Raindrops dataset sample

Deep learning raindrop detection

The schematic representation of the raindrop detection and control system is illustrated in Fig. 2. The process begins with identifying raindrop targets in the captured images, accomplished using an image marking tool to establish the requisite training dataset. Subsequently, a well-suited convolutional neural network model is designed, and a deep learning environment is set up for model training. The modified YOLOv8 model is then deployed on the TX2 development board to accurately recognise rainy images acquired through the camera. Additionally, based on the gathered data concerning the number and size of raindrops, the system determines the intensity of rainfall and wiper frequency control.

Fig. 2
figure 2

Schematic diagram of the raindrop detection and control system

Preliminary work for model training

In the initial phase of this research, a comprehensive raindrop dataset was meticulously prepared. The dataset was curated by capturing images of the car’s front windscreen during different weather conditions. These windscreen images were acquired through an onboard camera while traversing diverse weather and road conditions. Subsequently, the image annotation tool LabelImg was employed to accurately label the raindrop targets in each image.

The minimum enclosing rectangle encompassing each raindrop was utilised as the bounding box during the labelling process. This approach effectively minimised unnecessary background pixel information inside the bounding box, and corresponding XML files were generated. These XML files contain crucial label information, comprising the precise location details of each raindrop, the category name “rain”, and the associated coordinate information.
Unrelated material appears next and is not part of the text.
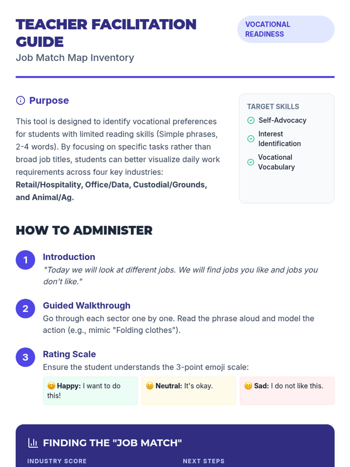 An instructional guide for educators to facilitate the Job Match Map Inventory. Includes administration steps, scoring tips, and extension ideas for low-reading-level students.

The XML files thus serve as invaluable references for raindrop detection and further analysis within the proposed deep learning model.
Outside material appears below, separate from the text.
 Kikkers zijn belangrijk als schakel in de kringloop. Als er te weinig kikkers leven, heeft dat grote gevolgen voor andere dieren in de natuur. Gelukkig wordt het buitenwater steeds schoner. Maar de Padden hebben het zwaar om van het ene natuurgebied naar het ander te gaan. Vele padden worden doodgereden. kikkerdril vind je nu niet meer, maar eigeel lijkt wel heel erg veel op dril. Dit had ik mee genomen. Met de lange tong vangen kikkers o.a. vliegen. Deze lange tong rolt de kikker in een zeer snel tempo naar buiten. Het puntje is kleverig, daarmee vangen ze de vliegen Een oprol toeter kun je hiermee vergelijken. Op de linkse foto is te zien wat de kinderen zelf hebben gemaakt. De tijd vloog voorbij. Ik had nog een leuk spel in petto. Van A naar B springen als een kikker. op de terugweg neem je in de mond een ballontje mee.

The raindrop dataset was expanded using data augmentation techniques to enhance its diversity and improve the robustness of the deep-learning model under various conditions. To better understand the characteristics of rainy scenes, the HSV histograms of Fig. 1c were analysed, as shown in Fig. 3, revealing a distinct peak in the value (V) channel due to the sky’s brightness. This indicates that rain droplets in HSV space may exhibit similar brightness characteristics to the sky, potentially complicating their detection when relying solely on colour features. As a result, various rainfall scenarios were simulated by adjusting the HSV parameters of the sky region to reflect diverse lighting and atmospheric conditions. This was combined with geometric transformations, such as panning and zooming, to create more varied perspectives and scales in the training data. Additionally, truncation thresholding techniques were applied to the V-channel to minimise interference from the ground background, ensuring that the augmented data better emphasised raindrop features.

Fig. 3
figure 3

The HSV histogram of Fig. 1c

As depicted in Fig. 4, the data augmentation process significantly expanded the dataset, addressing the issue of limited samples. This enhanced diversity enabled the deep learning model to better generalise across unseen rainy scenarios. Experimental results demonstrated that the augmented dataset improved the model’s training stability and performance, particularly in handling complex background conditions.

Fig. 4
figure 4

Data augmentation diagram.

The dataset encompasses approximately 80,000 instances of “rain” samples, ensuring an ample number of samples during the training process. Fig. 5 illustrates the dataset’s categories distribution while depicting the raindrop targets’ labels, centre coordinates, width, and height information. An exhaustive analysis of the image’s positional information in the raindrop target yields crucial theoretical data for subsequent raindrop assessment, effectively combining the raindrop targets’ size and quantity. This meticulous analysis and rich dataset contribute significantly to refining the accuracy of raindrop detection, thereby bolstering the reliability and efficacy of the proposed method for real-world applications.

Fig. 5
figure 5

Statistical graph of the training set

Model network architecture

The YOLOv8 real-time target detection model is used as the training model, ensuring prompt responsiveness. As illustrated in Fig. 6, when a raindrop image is input into the network, YOLOv8 divides the image into N × N grid regions. In cases where the original image size does not align with the N × N dimensions, a filling or scaling operation is conducted to adjust it to the appropriate N × N size, effectively avoiding distortion before feeding it into the network.

Fig. 6
figure 6

YOLOv8 target detection network implementation

Given the diversity of raindrop sizes and scales, the image is partitioned into distinct grid sizes, specifically 13 × 13, 26 × 26, and 52 × 52. Each grid size serves a specific purpose, with smaller grids responsible for detecting tiny raindrops while larger grids focus on identifying larger raindrops. When the centre point of the target raindrop aligns with a specific area within the grid, the corresponding grid point confirms the presence of a raindrop. This well-designed approach ensures precise raindrop detection across different sizes and enhances the overall accuracy and efficiency of the wiper control system, catering to varying rainy conditions. Each grid provides valuable prediction information, including the detected target’s category, confidence level, the bounding box’s centre coordinates, length, and width, encapsulating the identified raindrop.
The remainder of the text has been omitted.